Jakarta (ANTARA News) - Lembaga riset independen INDEF (Institute for Development of Economics and Finance) menilai capaian prestasi kinerja perekonomian Indonesia 2012 dibangun di atas pijakan fondasi yang rapuh.

Di tengah melambatnya kinerja perekonomian global, hingga Triwulan III-2012 Indonesia mampu mencapai pertumbuhan ekonomi nomor dua di Asia yaitu sebesar 6,29 persen.

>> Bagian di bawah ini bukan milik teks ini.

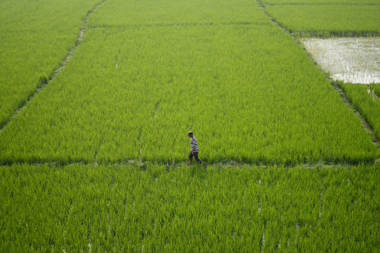 Farmár prechádza ryžovým poľom na okraji Džammú v Indii (2. august 2023). Foto: SITA/AP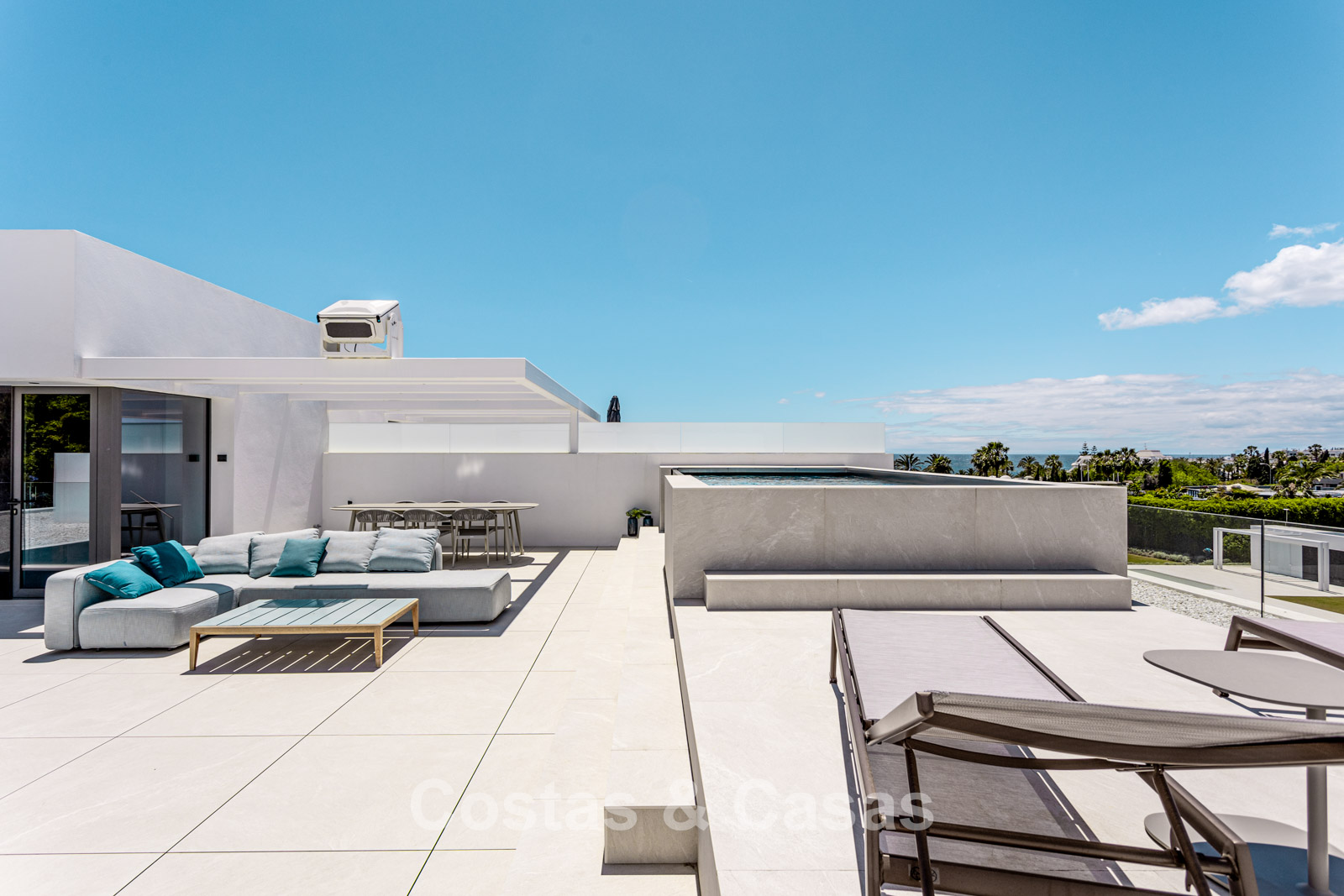 Roof terrace with private pool, outdoor cinema, and outdoor kitchen.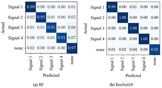 Classification is a significantly more complex problem than detection. The traditional approach is to create several purposefully built detectors (i.e., several metrics based on Equation (3)) for each class of signal considered and maximize the correct decision thresholds to distinguish between them [17]. For example, it can be done by using a multiple-hypothesis generalized likelihood ratio test (GLRT). However, it requires significant resources and could be more practical. Hence, a detector tree structure is often deployed to simplify classification. Pre-processing the signal often supports the classification engines. Typical inputs for classification are the spectrogram of the received signal, amplitude statistics, and the signal PSD.

"Kami mencatat terdapat kerapuhan di balik angka pertumbuhan ekonomi Indonesia yang cukup fantastis," kata ekonom INDEF Didik J Rachbini dalam Sarasehan Ekonomi "Menyongsong Ekonomi Indonesia 2014" di Jakarta, Rabu.

"Pertumbuhan Indonesia tinggi namun keropos. Pertumbuhan hanya dinikmati oleh sektor non-tradable yang relatif padat modal, dengan nilai tambah dan penyerapan tenaga kerja yang rendah," kata Didik.

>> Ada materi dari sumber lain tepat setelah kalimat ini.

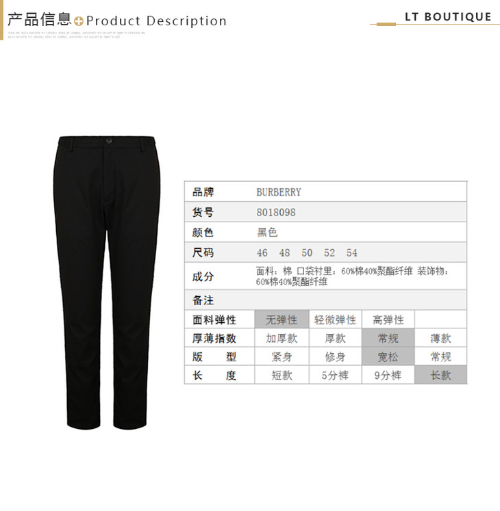 【二】BURBERRY 巴宝莉 男士修身棉质斜纹棉布休闲裤 黑色 8018098 A1189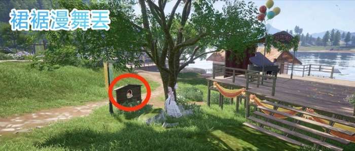 在花愿镇湖畔街区的湖边有个舞台,史丢丢在舞台旁边的公示板上。最(zui)近传送点:镇长宅邸前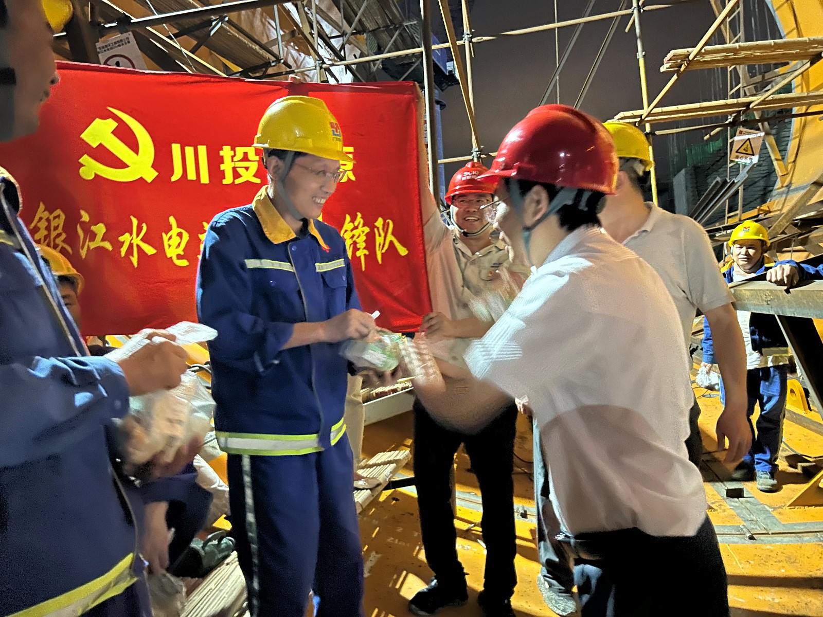 节日的银江水电站施工现场,大坝混凝土浇筑、厂房尾水管机电安装、混凝土拌和系统等各部位一片忙碌,为按期实现各项节点目标,800余名建设者依然奋战在银江水电站施工现场。夜晚的工地更是灯火通明,晚上九点,足球彩票副总经理,公司党总支书记、董事长徐孝刚带领公司党员先锋队、志愿者服务队,深入混凝土浇筑仓面、尾水管、拌合楼调度室、防汛值班室、变电站、保安亭等部位,将热乎乎的鸡腿、香喷喷的粽子等慰问品送到正在施工的每位工友手上。徐孝刚讲到:“端午节是中华民族重要的传统节日,对大家坚持奋战在银江水电站施工现场斗酷暑、战高温、挑灯夜战表示感谢,祝福大家端午安康!”活动中,徐孝刚还开展了夜间安全检查,叮嘱大家做好防护、确保施工安全。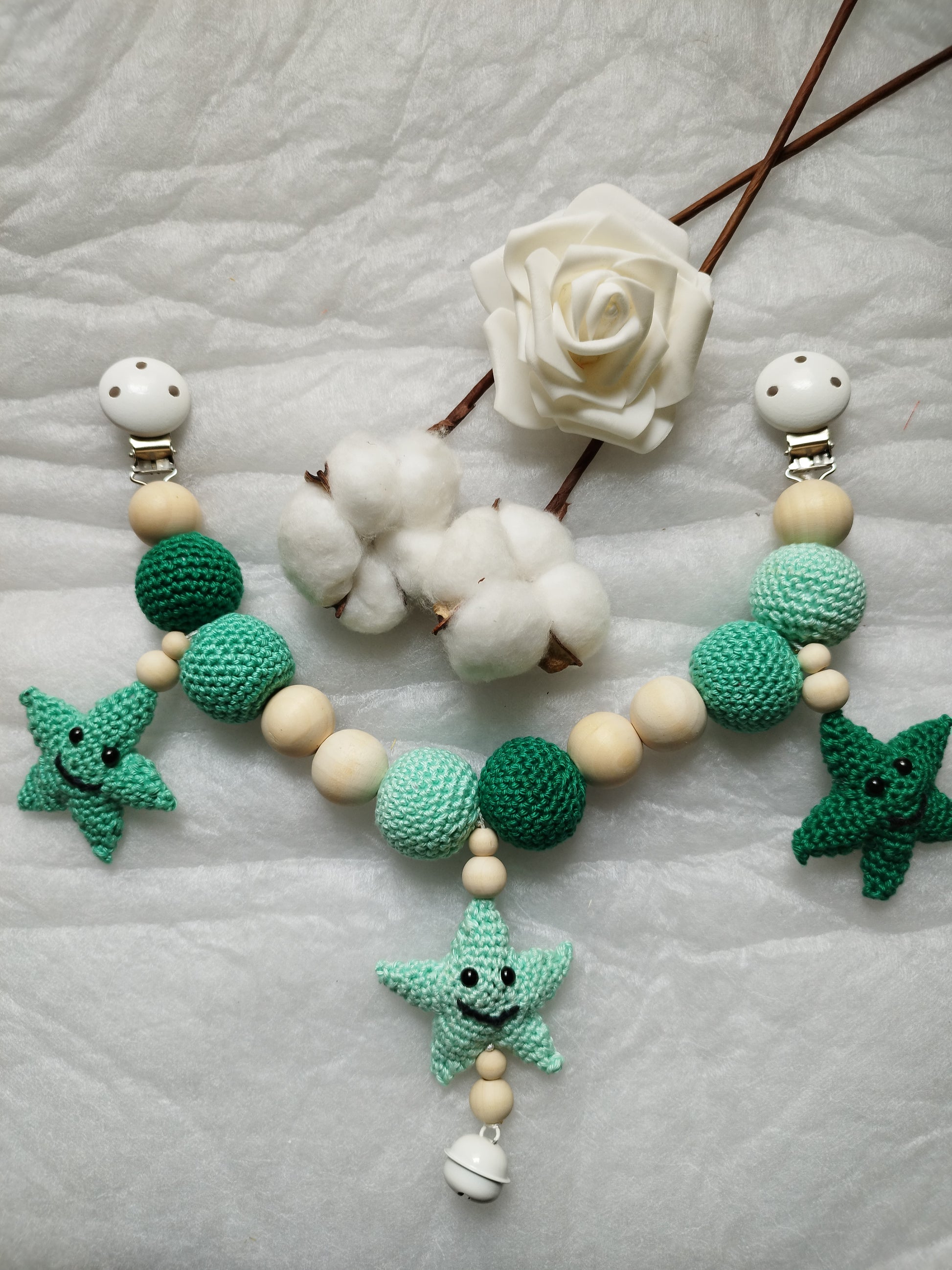 Die Kinderwagenkette kann auf Wunsch auch mit Namen hergestellt werden, allerdings muss ich andere Elemente wegnehmen, damit die Kette nicht zu lang wird. Wahl aus Silikon- oder Holzperlen.

INDEF mencatat sektor padat karya (tradable), sektor pertambangan dan penggalian hanya tumbuh 1,94 persen, pertanian hanya tumbuh 4,27 persen, dan industri pengolahan tumbuh 5,81 persen.

Padahal sektor tradable menyerap lebih dari separuh tenaga kerja nasional (dari 110,8 juta pekerja).

Selain itu, lanjut Didik, kerapuhan lainnya yakni menurunnya daya saing ekonomi Indonesia.

Indeks daya saing global Indonesia turun dari posisi ke-46 (2011-2012) menjadi ke-50 (2012-2013) dari 144 negara.

"Penyebab utamanya adalah memburuknya variabel pokok daya saing seperti korupsi dan penyogokan, perilaku tidak etis dunia usaha, serta biaya yang muncul akibat kejahatan dan kekerasan," ujar Didik.

Peringkat melakukan usaha di Indonesia juga masih berada pada peringkat ke-128. Hal itu disebabkan berbelitnya birokrasi memulai usaha, pengurusan ijin, perpajakan, dan perlindungan investor.